I think this is better but still a bit weird :D  Allowing constants
and forcing them into registers unconditionally is slightly dubious as
well, though.  One thing that always sticks out is - how is 0 special?
Wouldn't we want other constants as well?

For reductions I think the vectorizer always starts accumulates
starting with the initial neutral value 0 and adds any other scalar
initial value later.  But that could change?

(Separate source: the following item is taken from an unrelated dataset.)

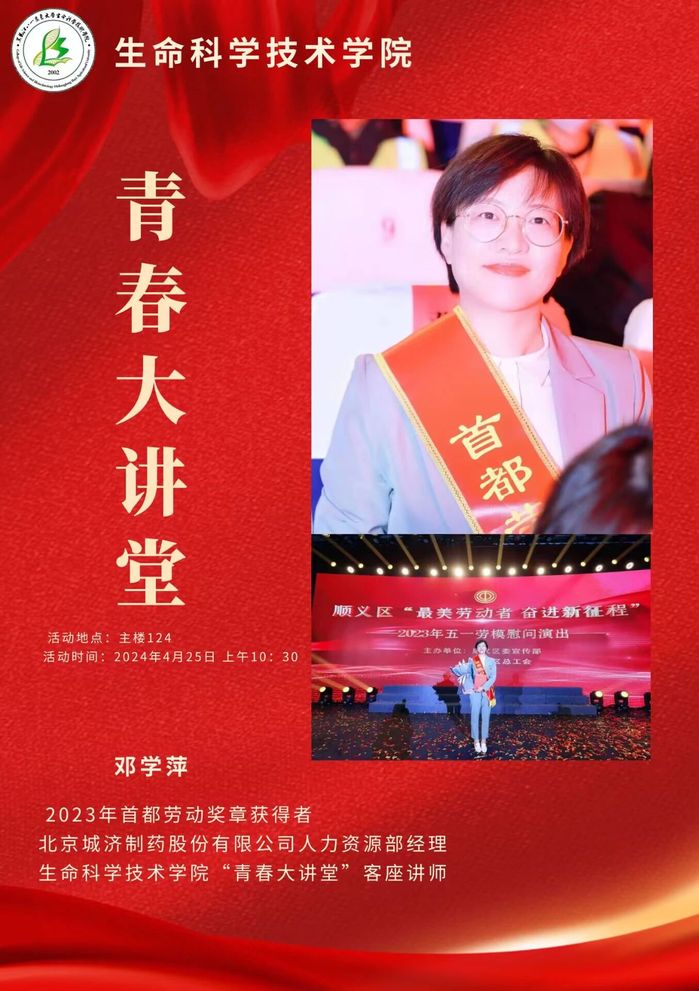 为进一步提升员工的职业生涯规划意识,深入了解生物医药行业发展趋势,科学认识职业发展规律,制定合理的预期目标和阶段规划,不断提升职业素养和专业技能力,4月25日上午,学院在主楼124教室举行了第八期“青春大讲堂”,本次讲座特别邀请到2023年“首都劳动奖章”获得者、北京诚济制药股份有限公司人力资源部经理邓学萍作为主讲嘉宾。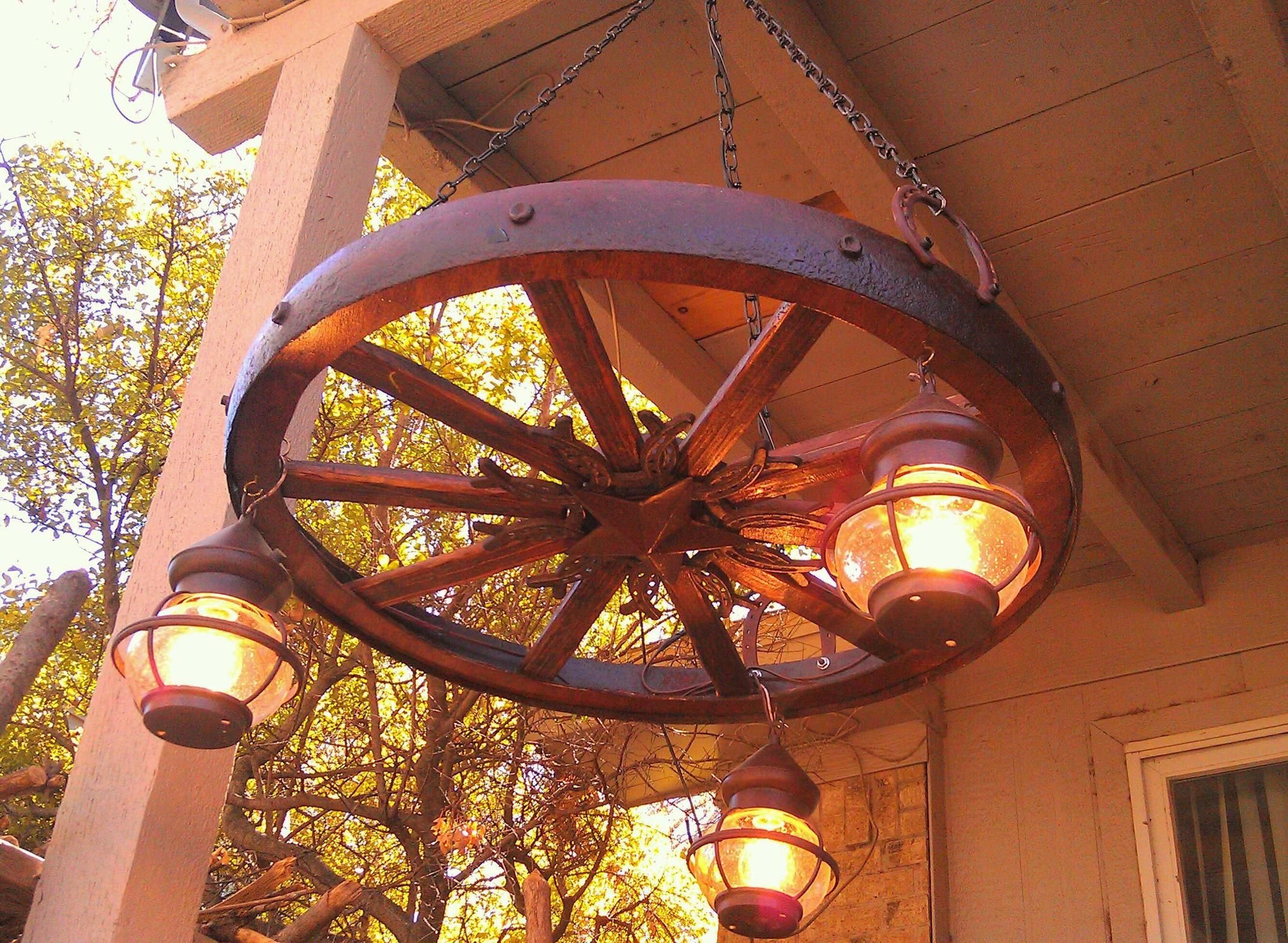 Люстра колесо от телеги для улицы

For reference, attached is what I tried.  This gives me no regressions
and your tests work.  Your approach is more generic in case we want to
match future zero constants in other patterns (that we still needed
to adjust with force reg otherwise) but the force-reg thing appears
more "natural".

All in all, I would prefer the force-reg approach slightly but could also
live with this v2 despite some minor "usability" concerns.  Going to leave
the decision to you, either one is OK.

Regards
 Robin

From 3be4cf4403a584d560c3923207a9c4da8dafee49 Mon Sep 17 00:00:00 2001
From: Robin Dapp <rdapp@ventanamicro.com>
Date: Wed, 20 Sep 2023 10:15:36 +0200
Subject: [PATCH] lehua

---
 gcc/config/riscv/autovec-opt.md | 52 ++++++++++++++++++++++++++++++++-
 gcc/config/riscv/autovec.md     |  4 ++-
 gcc/config/riscv/riscv-protos.h |  1 +
 3 files changed, 55 insertions(+), 2 deletions(-)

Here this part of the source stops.